== Segment start ==
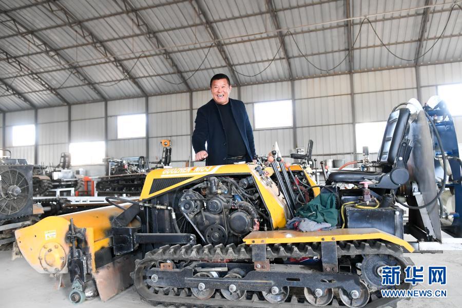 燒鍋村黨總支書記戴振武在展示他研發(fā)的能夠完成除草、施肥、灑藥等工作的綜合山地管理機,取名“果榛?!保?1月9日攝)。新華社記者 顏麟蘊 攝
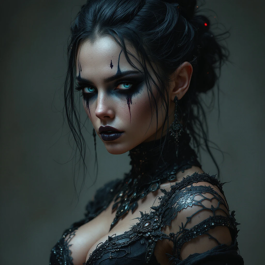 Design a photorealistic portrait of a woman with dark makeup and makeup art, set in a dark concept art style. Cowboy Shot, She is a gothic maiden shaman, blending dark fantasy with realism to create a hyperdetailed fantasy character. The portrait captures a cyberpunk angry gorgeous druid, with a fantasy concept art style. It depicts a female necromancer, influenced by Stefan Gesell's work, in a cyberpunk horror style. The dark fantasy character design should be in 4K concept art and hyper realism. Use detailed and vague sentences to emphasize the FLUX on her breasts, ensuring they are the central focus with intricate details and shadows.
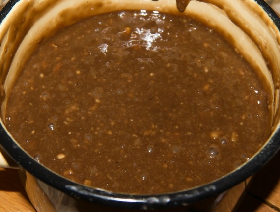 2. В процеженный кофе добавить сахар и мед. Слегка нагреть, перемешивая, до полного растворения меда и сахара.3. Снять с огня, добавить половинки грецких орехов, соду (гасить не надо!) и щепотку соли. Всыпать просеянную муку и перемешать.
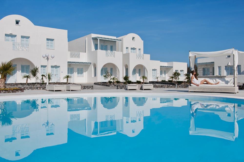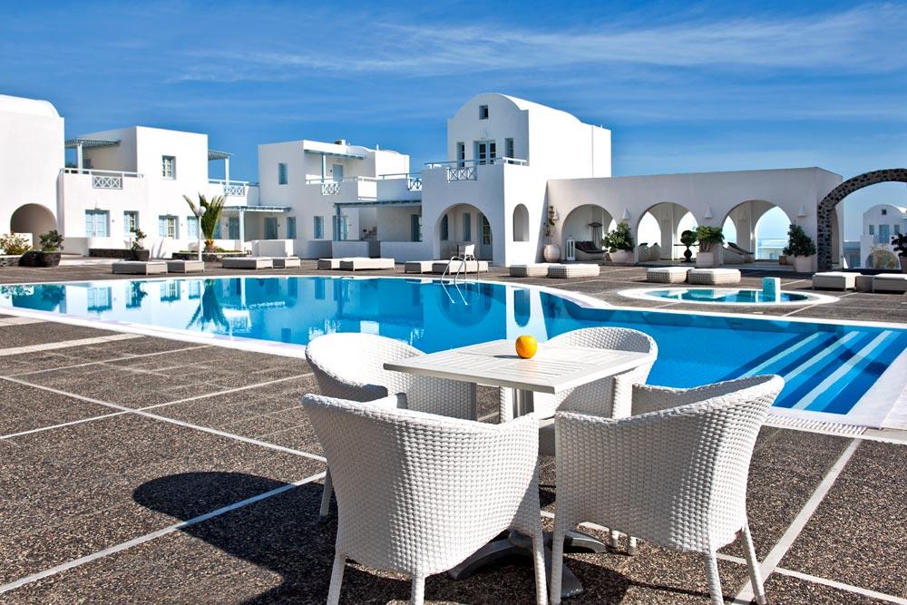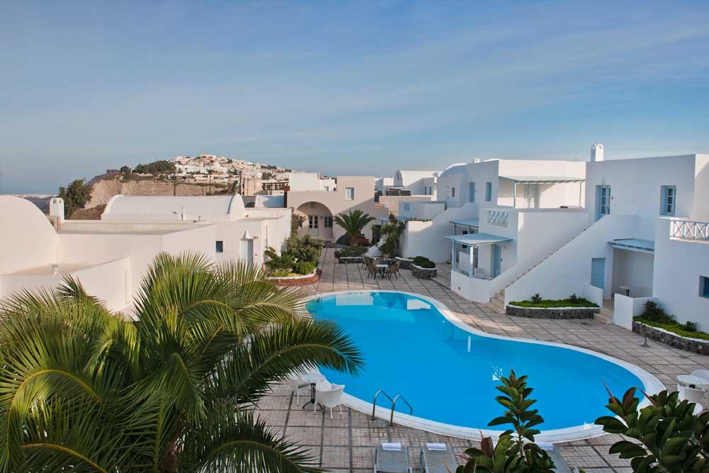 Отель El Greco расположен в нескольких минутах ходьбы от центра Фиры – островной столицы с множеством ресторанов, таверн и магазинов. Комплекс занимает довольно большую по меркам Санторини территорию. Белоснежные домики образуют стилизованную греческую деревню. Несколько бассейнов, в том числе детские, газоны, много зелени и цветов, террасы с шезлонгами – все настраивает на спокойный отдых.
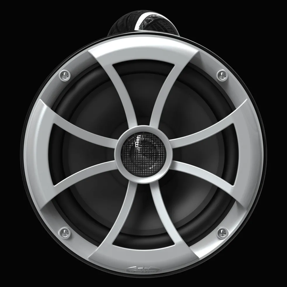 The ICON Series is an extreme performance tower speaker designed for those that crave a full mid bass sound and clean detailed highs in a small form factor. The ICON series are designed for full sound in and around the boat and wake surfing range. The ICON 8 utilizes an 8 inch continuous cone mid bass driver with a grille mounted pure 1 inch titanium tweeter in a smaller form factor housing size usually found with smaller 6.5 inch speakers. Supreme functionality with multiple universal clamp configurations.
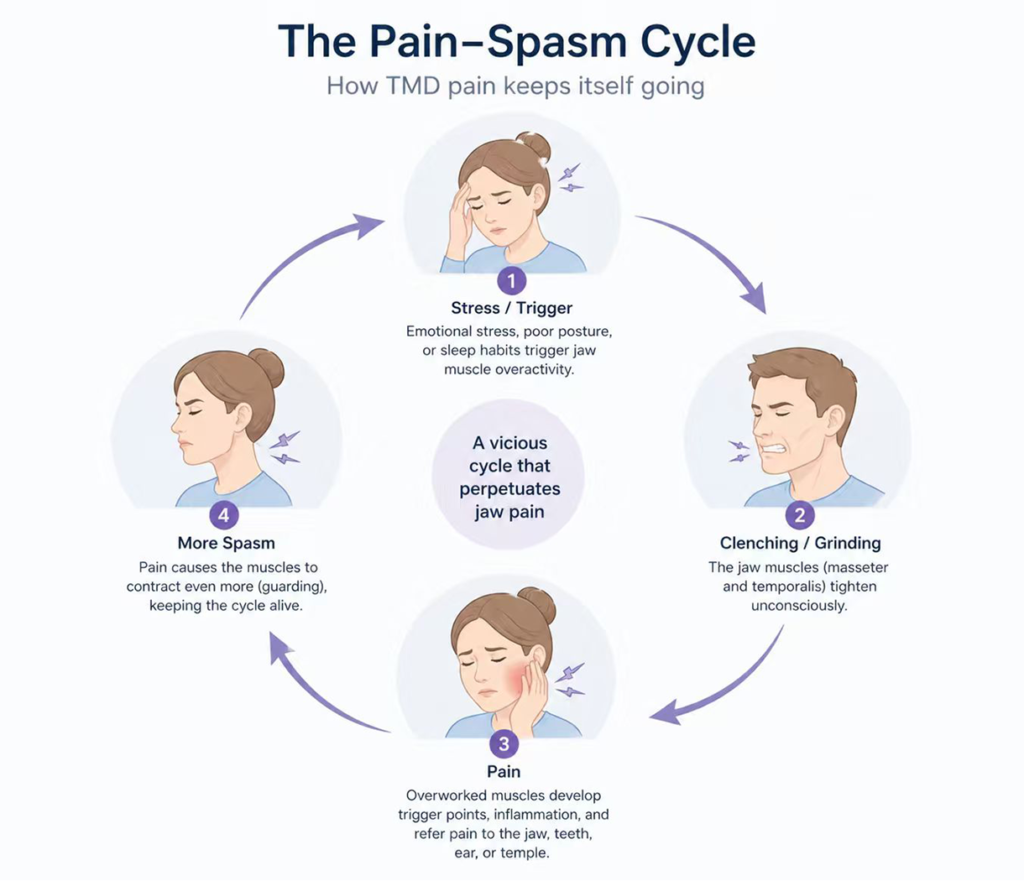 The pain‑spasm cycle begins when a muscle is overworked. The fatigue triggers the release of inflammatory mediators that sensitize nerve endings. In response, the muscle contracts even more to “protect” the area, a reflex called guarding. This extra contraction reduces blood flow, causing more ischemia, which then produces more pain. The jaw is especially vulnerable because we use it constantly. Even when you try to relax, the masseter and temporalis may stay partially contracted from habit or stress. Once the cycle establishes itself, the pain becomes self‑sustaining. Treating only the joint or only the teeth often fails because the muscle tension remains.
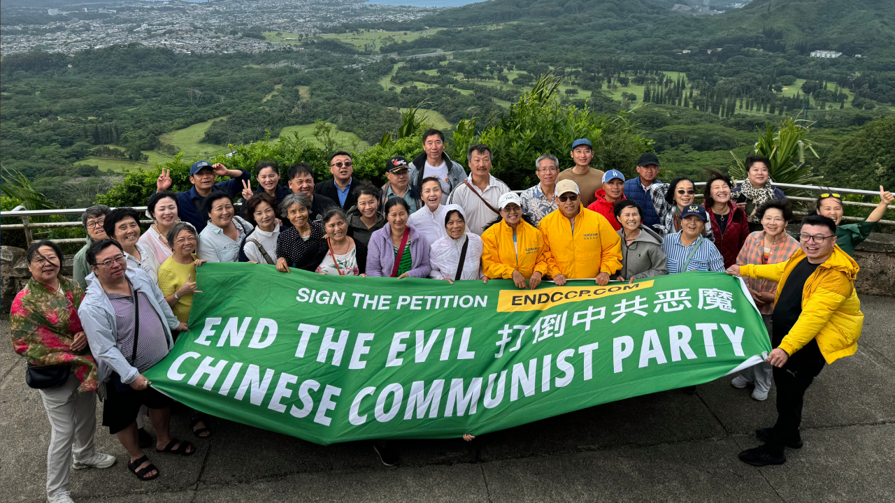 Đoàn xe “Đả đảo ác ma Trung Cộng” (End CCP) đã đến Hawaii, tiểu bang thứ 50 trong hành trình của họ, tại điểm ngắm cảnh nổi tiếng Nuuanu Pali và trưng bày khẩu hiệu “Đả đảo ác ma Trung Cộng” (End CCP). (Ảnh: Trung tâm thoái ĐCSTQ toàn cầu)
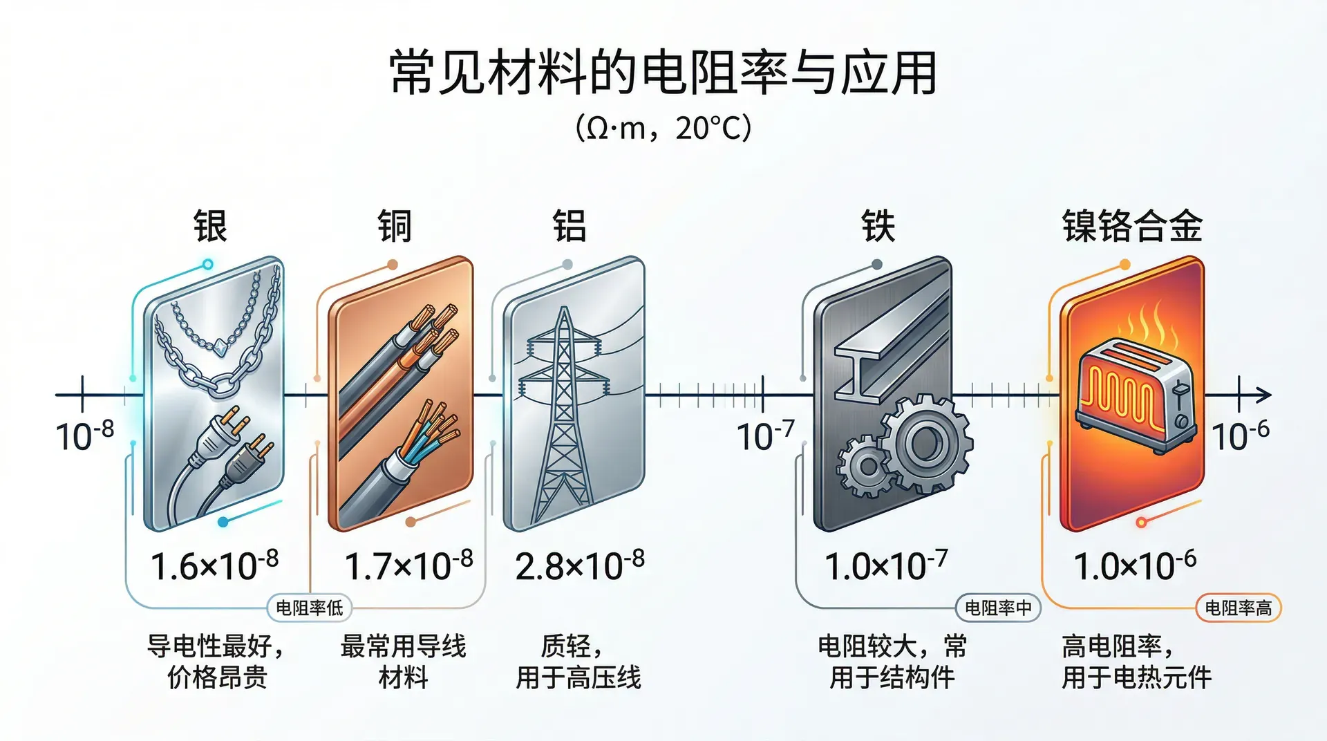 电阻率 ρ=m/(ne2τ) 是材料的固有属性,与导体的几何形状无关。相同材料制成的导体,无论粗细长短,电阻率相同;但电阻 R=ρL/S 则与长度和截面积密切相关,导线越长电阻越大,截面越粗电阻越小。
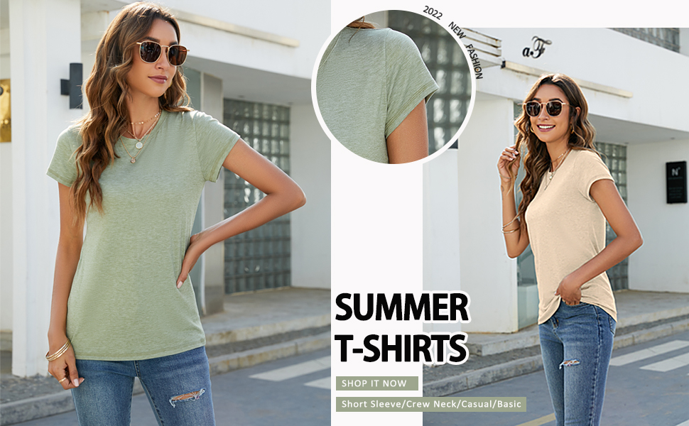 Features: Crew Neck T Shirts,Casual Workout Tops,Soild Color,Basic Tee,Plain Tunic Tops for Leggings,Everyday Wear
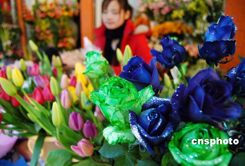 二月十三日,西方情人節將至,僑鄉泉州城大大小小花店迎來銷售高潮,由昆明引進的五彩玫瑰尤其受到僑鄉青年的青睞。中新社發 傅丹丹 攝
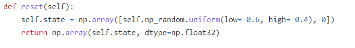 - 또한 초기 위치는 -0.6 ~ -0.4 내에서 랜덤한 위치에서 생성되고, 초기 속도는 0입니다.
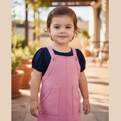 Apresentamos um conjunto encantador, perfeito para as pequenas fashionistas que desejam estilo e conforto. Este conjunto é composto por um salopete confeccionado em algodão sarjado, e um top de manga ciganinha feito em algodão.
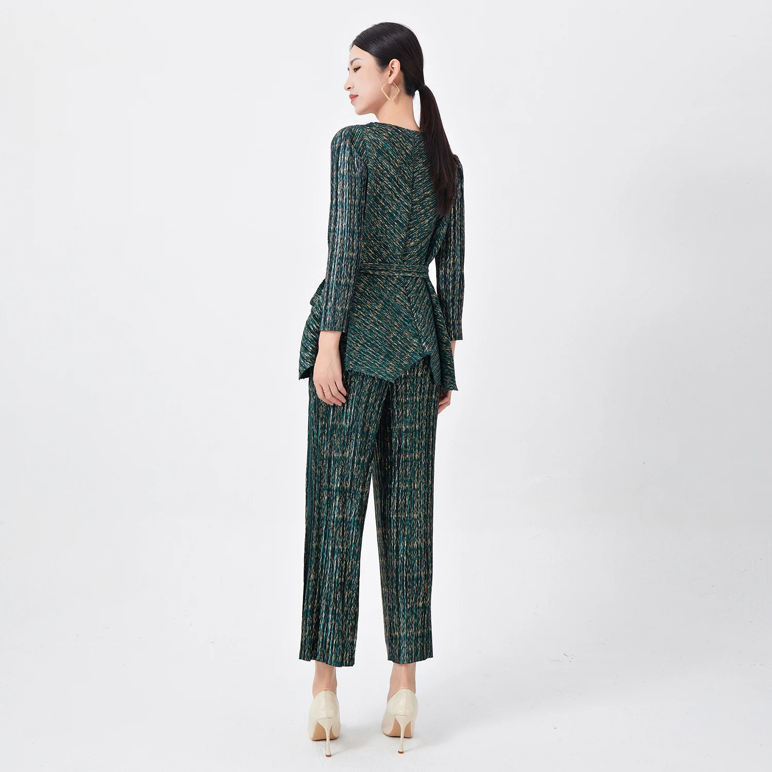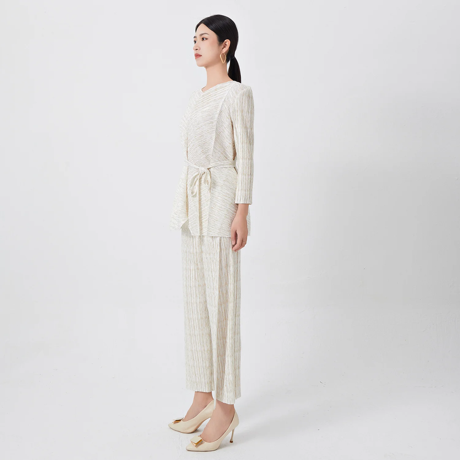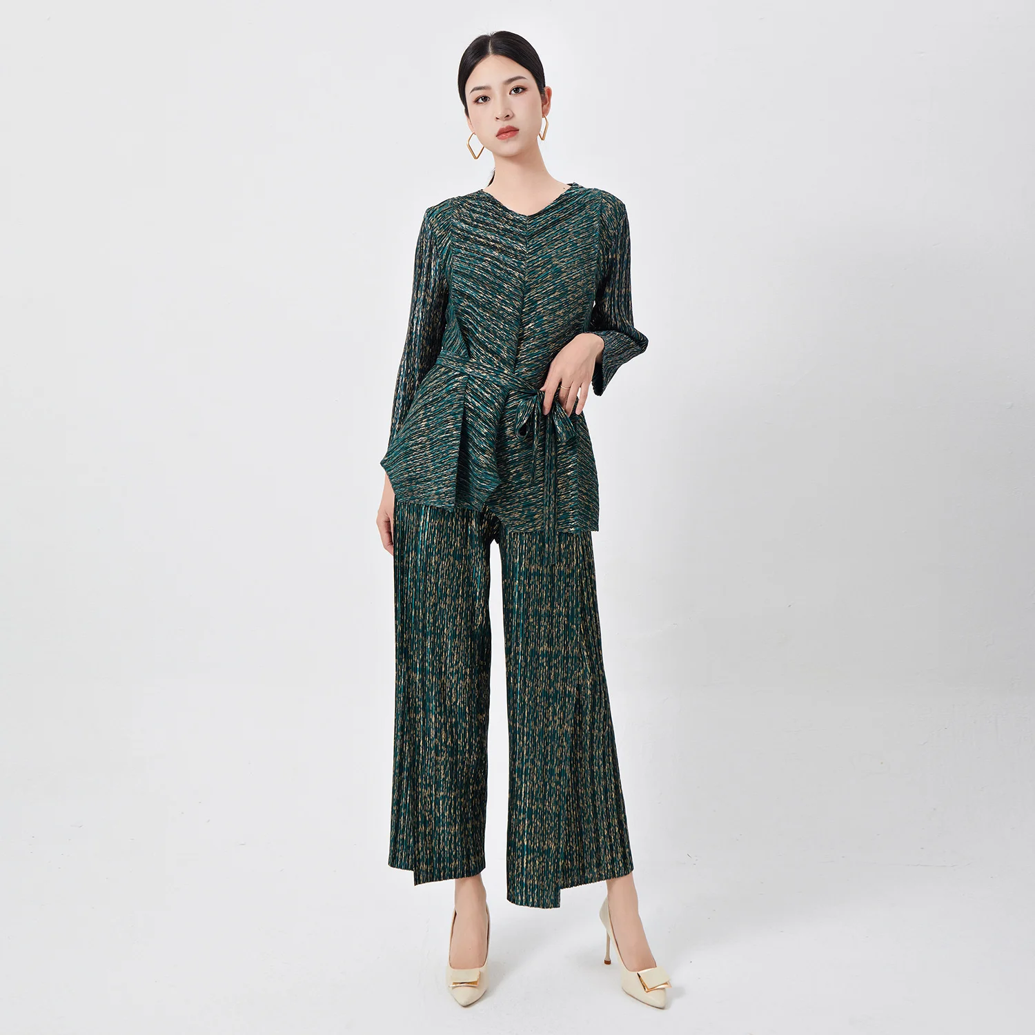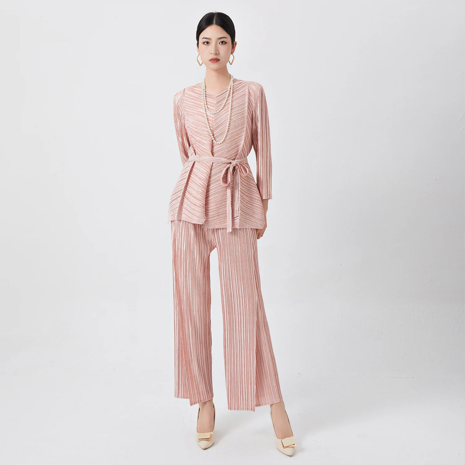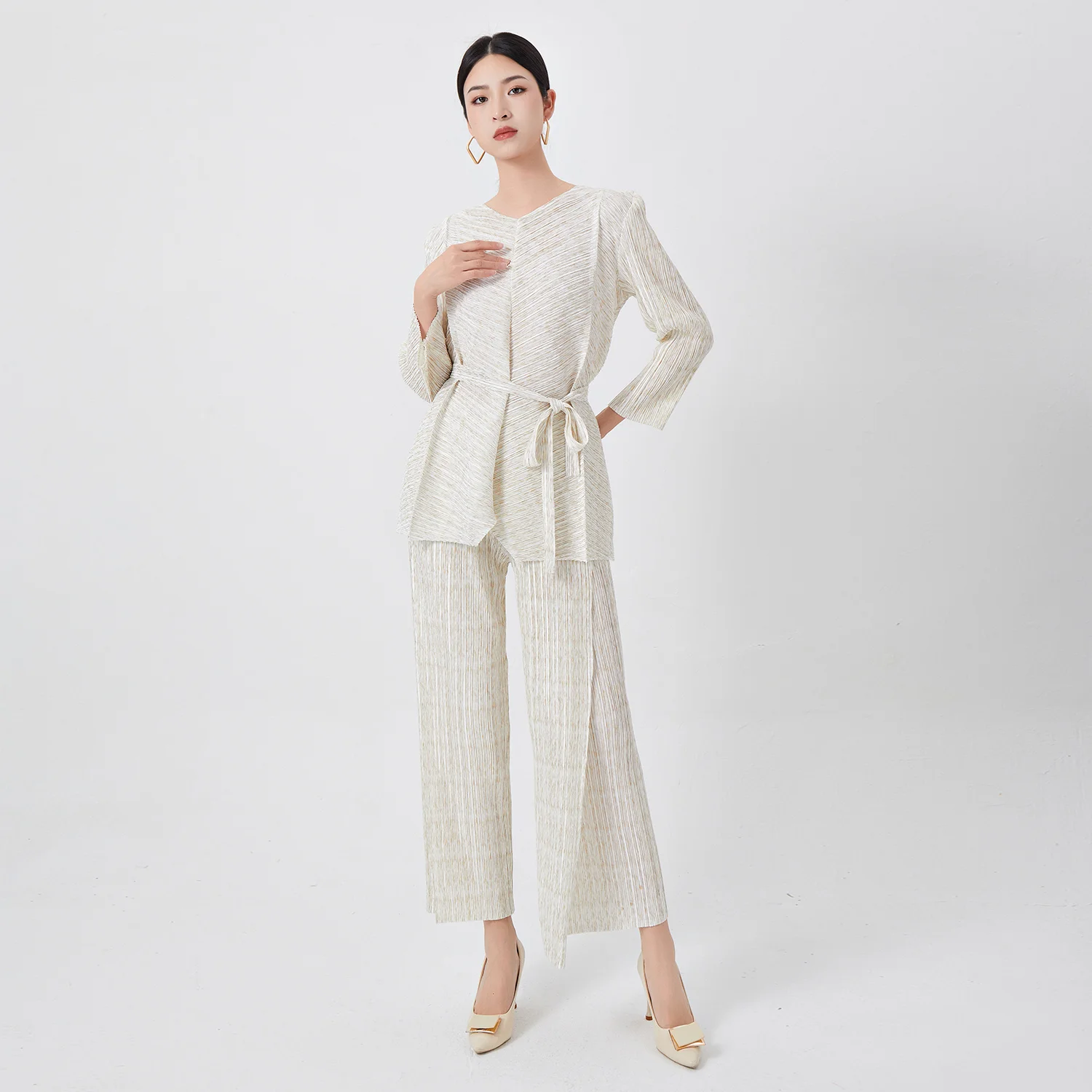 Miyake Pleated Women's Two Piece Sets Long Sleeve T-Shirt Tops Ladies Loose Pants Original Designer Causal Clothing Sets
== Segment end ==
[Work task]
Skip the pictures and copy exactly the lines from the one containing "- 또한 초기 위치는" through the end of the material, both ends included.

[Worked solution]
 - 또한 초기 위치는 -0.6 ~ -0.4 내에서 랜덤한 위치에서 생성되고, 초기 속도는 0입니다.
 Apresentamos um conjunto encantador, perfeito para as pequenas fashionistas que desejam estilo e conforto. Este conjunto é composto por um salopete confeccionado em algodão sarjado, e um top de manga ciganinha feito em algodão.
 Miyake Pleated Women's Two Piece Sets Long Sleeve T-Shirt Tops Ladies Loose Pants Original Designer Causal Clothing Sets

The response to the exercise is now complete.